Problem description:
An exact copy of the data is needed, but without any of its images.

Extracted entries:

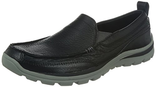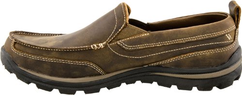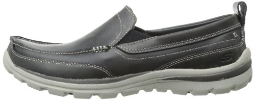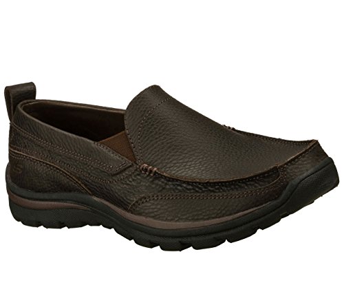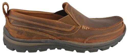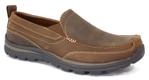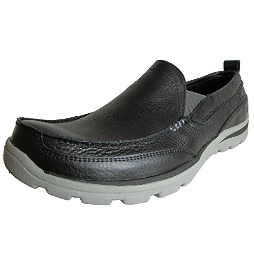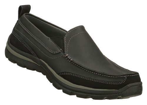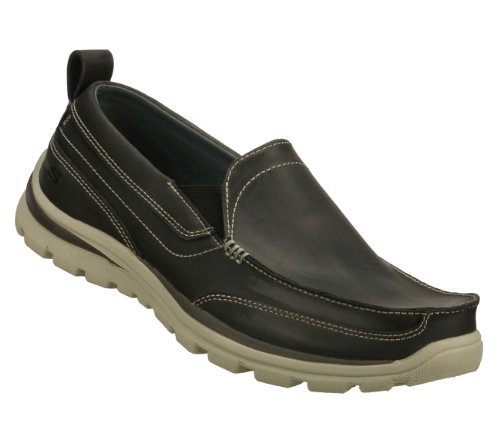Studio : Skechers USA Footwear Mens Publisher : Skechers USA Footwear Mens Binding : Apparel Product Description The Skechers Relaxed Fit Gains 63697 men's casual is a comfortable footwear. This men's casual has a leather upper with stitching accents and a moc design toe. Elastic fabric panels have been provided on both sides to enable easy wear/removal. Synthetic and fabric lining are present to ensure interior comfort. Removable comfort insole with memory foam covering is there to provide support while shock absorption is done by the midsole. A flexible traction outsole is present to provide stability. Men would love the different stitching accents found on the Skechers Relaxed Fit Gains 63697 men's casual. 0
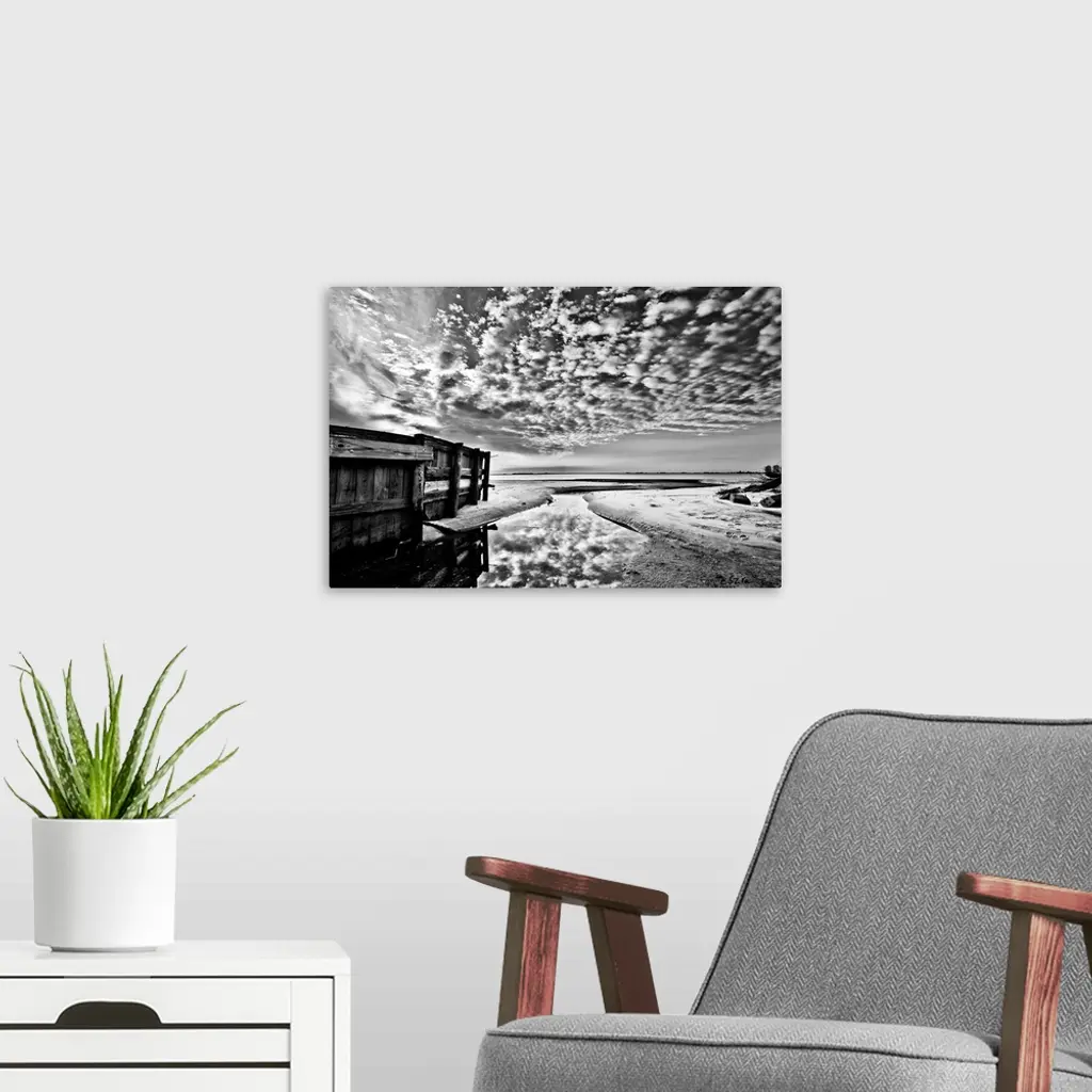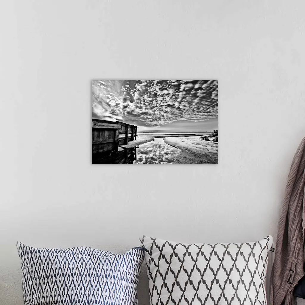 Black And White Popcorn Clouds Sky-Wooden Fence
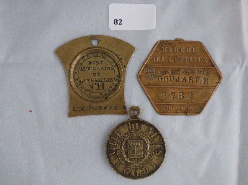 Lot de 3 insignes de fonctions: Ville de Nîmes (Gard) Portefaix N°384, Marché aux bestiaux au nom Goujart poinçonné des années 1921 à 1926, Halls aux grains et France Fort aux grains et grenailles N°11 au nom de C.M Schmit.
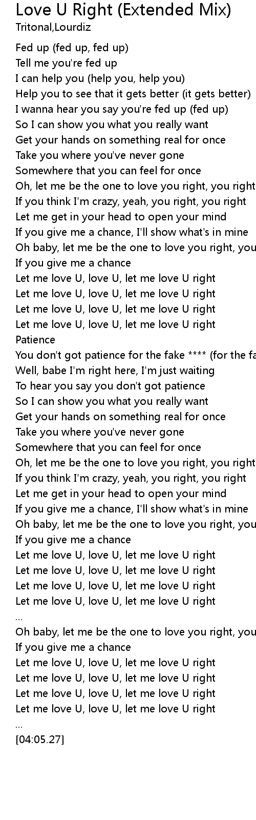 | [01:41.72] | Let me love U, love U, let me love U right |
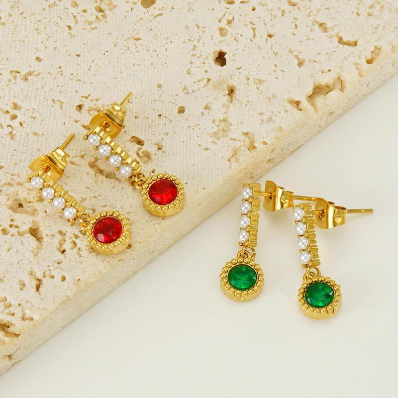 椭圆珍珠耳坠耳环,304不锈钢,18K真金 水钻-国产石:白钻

Answer section:
Studio : Skechers USA Footwear Mens Publisher : Skechers USA Footwear Mens Binding : Apparel Product Description The Skechers Relaxed Fit Gains 63697 men's casual is a comfortable footwear. This men's casual has a leather upper with stitching accents and a moc design toe. Elastic fabric panels have been provided on both sides to enable easy wear/removal. Synthetic and fabric lining are present to ensure interior comfort. Removable comfort insole with memory foam covering is there to provide support while shock absorption is done by the midsole. A flexible traction outsole is present to provide stability. Men would love the different stitching accents found on the Skechers Relaxed Fit Gains 63697 men's casual. 0
 Black And White Popcorn Clouds Sky-Wooden Fence
 Lot de 3 insignes de fonctions: Ville de Nîmes (Gard) Portefaix N°384, Marché aux bestiaux au nom Goujart poinçonné des années 1921 à 1926, Halls aux grains et France Fort aux grains et grenailles N°11 au nom de C.M Schmit.
 | [01:41.72] | Let me love U, love U, let me love U right |
 椭圆珍珠耳坠耳环,304不锈钢,18K真金 水钻-国产石:白钻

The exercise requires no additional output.